Заглавную роль Рудольф мыслил как стимул для самого себя, и нетрудно понять, почему Манфред и Байрон так привлекали его. Манфред — еще один одинокий странник по длинному жизненному пути, «чьим даром была непобедимая сила воли». Как и герои многих балетов Нуреева, Манфред, во многом подобно самому Байрону, противоречивая натура, разрываемая противоположными желаниями и терзаемая чувством вины. «Самое основное в Байроне — двойственность, — говорил Рудольф Флоре Луис из «Нью-Йорк таймс». — Он утверждает, что если вы сегодня чувствуете себя прославленным, то на следующий день можете проснуться опозоренным. В нем уживаются любовь и ненависть, всевозможные противоречия. Байрон пожертвовал своими деньгами, чтобы помочь грекам, но в его жизни было немало жалких и неприглядных эпизодов, а умер он отнюдь не романтической смертью — от простуды. Однако потом он стал символом объединения Греции, возвысившись в своем падении».

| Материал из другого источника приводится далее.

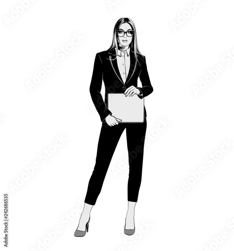 Business woman wearing a suit on a white background. Black and White Vector illustration.

Балет явился еще одним произведением, отражавшим неослабевающий интерес Нуреева к метаниям между наивностью и жизненным опытом, небесной и земной любовью. Повествование насыщено намеками на гомосексуальность и инцест и разнообразными персонажами от монахов до горных духов. Поэт заново переживает события своей жизни, постоянно преследуя Астарту, его духовного близнеца и музу — персонажа, вдохновленного сестрой Байрона. Его, в свою очередь, преследуют призраки возлюбленных и группа облаченных в черное фигур — символов его вины. Поэт Нуреева, отмечал один из критиков, «вечно разрывается между пороком и идеалом, между черными мессами и поэзией; он постоянно странствует — из Англии в Швейцарию, Италию, Грецию, где наконец находит освобождение в смерти, приковывая внимание зрителя до полного его изнеможения».

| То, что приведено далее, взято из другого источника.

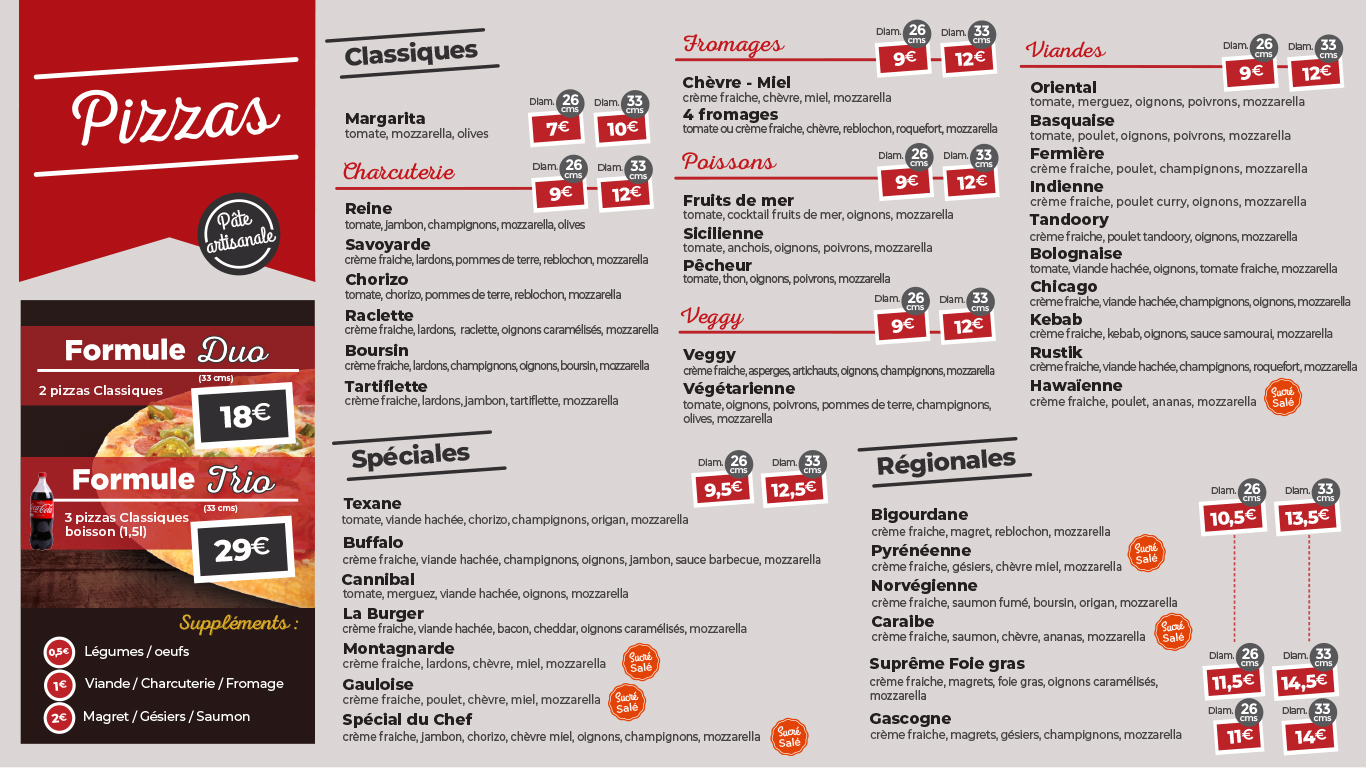Carte très complète. Pizza vraiment bonnes et programme de fidélité (1 pizza moyenne gratuite pour 8 achetées) très intéressant.

Физические трудности роли доводили до изнеможения и самого Нуреева. В то время, когда критики начали говорить о спаде его активности, Нуреев взялся за самую изматывающую роль во всей своей карьере, заставлявшую его находиться на сцене в течение всего балета и выступать партнером одиннадцати различных персонажей. Более чем семьдесят пять минут он изнурял себя прыжками, пируэтами, тур-ан-л’эр, быстрыми сменами направления, причем без пауз и в бешеном темпе. Его хореография включала почти все, что он усвоил, — от формальных структур Петипа до вращений на полу Марты Грэм.

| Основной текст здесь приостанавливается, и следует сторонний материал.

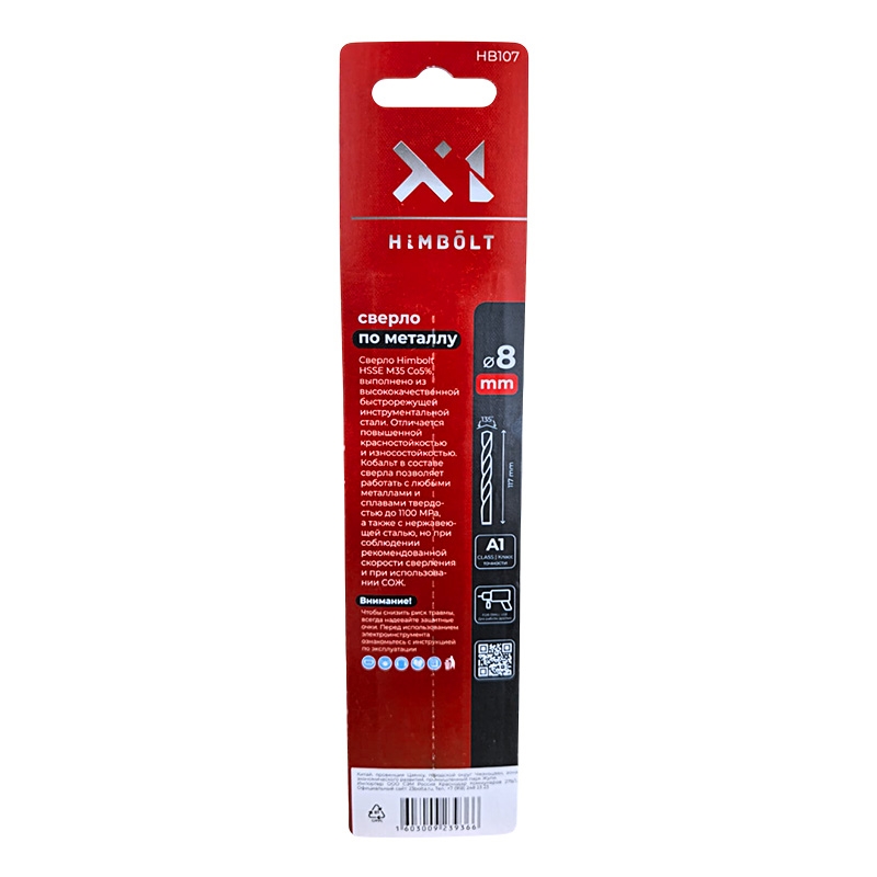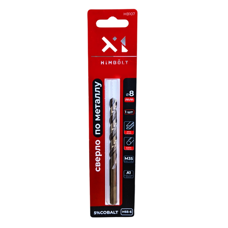 Сверло по металлу с кобальтом 5% P6M5K5 8,0 мм HIMBOLT 1 шт.блистер

Нуреев готовил хореографию роли Манфреда в расчете на своего дублера в заглавной роли, звезду Парижской Оперы Жана Гизерикса. Высокий и мускулистый, с сумрачным баскским лицом, Гизерикс обладал необходимыми магнетизмом и техникой. На роль Астарты Рудольф выбрал Флоранс Клерк, которая делила ее с гибкой Вильфрид Пиолле. В распределении Нуреевым ролей имелся и «второй план»: Флоранс Клерк недавно вышла замуж за Шарля Жюда, которого Нуреев определил на роль поэта Шелли, близкого друга Байрона, в то время как Пиолле была замужем за Гизериксом. Нуреев поставил несколько мужских дуэтов, воплощающих дружбу Байрона и Шелли. «Это вас шокирует? — спрашивал он Флору Луис из «Нью-Йорк таймс». — Мужчины ведь разговаривают друг с другом. Почему же они не могут друг с другом танцевать?»